I use an adjustble voltage power supply, modified with mroe ventilation heatsinking and better adjustment dial. i am oftern brougth batteries to 'recover', and watch voltmeters and ammeters and amp hour counters, and dip hydrometers often to see the results and gauge the health of the battery. So many of these batteries were placed on smart chargers before they were brough to me and their specific gravity was deep in the red and their smart charger would refuse to charge it for any longer. many of these batteries were unrecoverable, many accepted a lot of amp hours and returned to electrolyte levels in teh green and are still going a few years later.

I would recommend those with 'smart' chargers who want to get their batteries close as they can to 100% state of charge, apply a relatively load to the battery to drop the voltage to below 12.6( like headlights), then reattach the alligator clamps, plug in and restart the charger on the next lowest amperage setting, then remove the load. Lather rinse repeat. This might be effective, or it might not.

The truly 100% charged Lead acid battery, is a happy battery, and if regularly returned to 100% charged and living its life up in that range, will live a good long life, even in Southern Texas.

Living at lower states of charge is highly detrimental to Lead acid battery longevity and higher average temperatures of the battery exaserbate the capacity decline. The lower the average state of charge and the higher the average temperature the faster the battery deteriorates.

Do NOT assume your vehicle is trying to, or even capable of returning teh battery to 100% charged, even if one drives for 8 hours.
Anytime a jumpstart is required the battery should be brought to, the mid 14 volt range, and held there for several hours. it might take 12+ hours to bring the battery to the mid 14v range. that depends on teh amperage the chrging source is capable of delivering, and the voltage is is seeking to attain then hold.

Do not asusme a 'trickle' charge is seeking mid 14 volts. Do not assume a trickle charger even has enough amperage available to bring a battery to 14.5v.

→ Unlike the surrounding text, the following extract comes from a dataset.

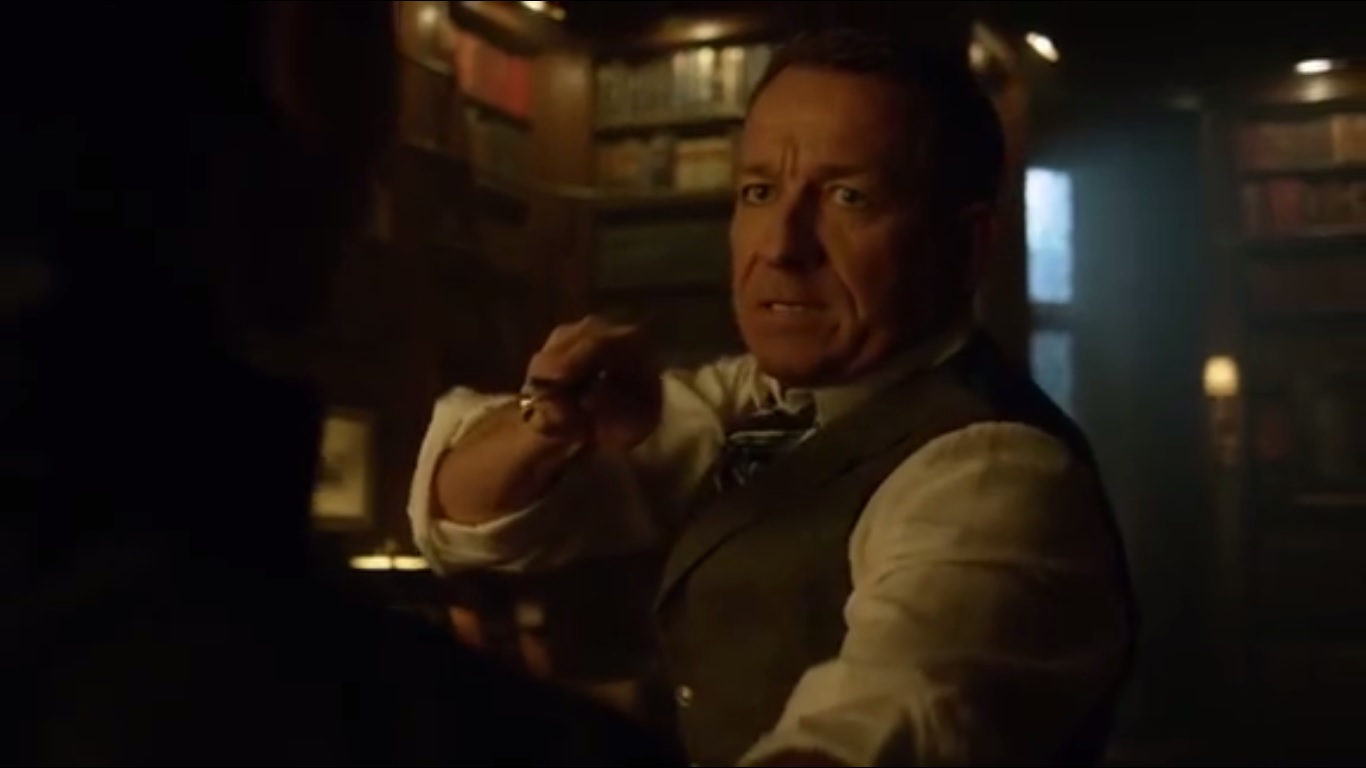 The damn rocket launcher, like Jim shooting Cale, causing him to explode, was that over the top wackiness I’ve come to expect from Gotham. Somehow, it worked and got a laugh out of me. It was a deus ex machina, as Penguin and Butch literally showed up at Wayne Manor out of nowhere- how’d they even know Galavan would be there at that time?- to save Jim, Bruce, and Alfred.

A healthy battery when fully charged might require only 0.4 amps to be held at 14.5v, but a sulfated older battery with 1.5 amps applied constantly might never exceed 13.9v, no matter how long it is applied. I have one marine battery on its last legs where 5 amps cannot get it above 13.87v no matter how long it is applied. 1.5 amps cannot get it over 13.22.

The higher the voltage the more amperage is required to hold the battery there.
The less healthy battery will require more amperage to maintain the same voltage when near fully charged, compared to a more healthy one.
The less healthy depleted battery will rise in voltage faster with lesser amperage applied, than thehealthier battery.
The healthy depleted battery will accept more amperage and its voltage will rise slower, compared to one less healthy.
The vehicles voltage regulator controls how much amperage an alternator makes. This voltage varies greatly among different vehicles, and on the same vehicle depending on how long the engine has been running.

The battery accepts as much amperage as it wants at the voltage reaching its battery terminals.

How much amperage the battery 'wants' at a charging voltage, depends on its size and health and temperature and state of charge.
Every battery is different and will exhibit different behavior, as it ages.
"good enough' is Subjective. Opinion.

But a fact is the healthy lead acid battery canot be recharged from 80% to 100% in less than 3.5 hours, assuming a charging source is capable of holding mid 14 volt range, and the lead acid battery, ideally, always wants to be 100% charged, and kept cool.
 
Originally Posted by hallstevenson
Remember, the vast majority of people don't have battery chargers.

In the case of the Subaru test drive, well, if you hadn't stalled it, it would have been fine
grin.gif
grin.gif
If you didn't buy it, I suspect the battery would have a hard time starting it the next time someone tried too.

I saw a portable charger once at a dealer that was battery powered. I believe the idea was to just make sure that every car on the lot could start.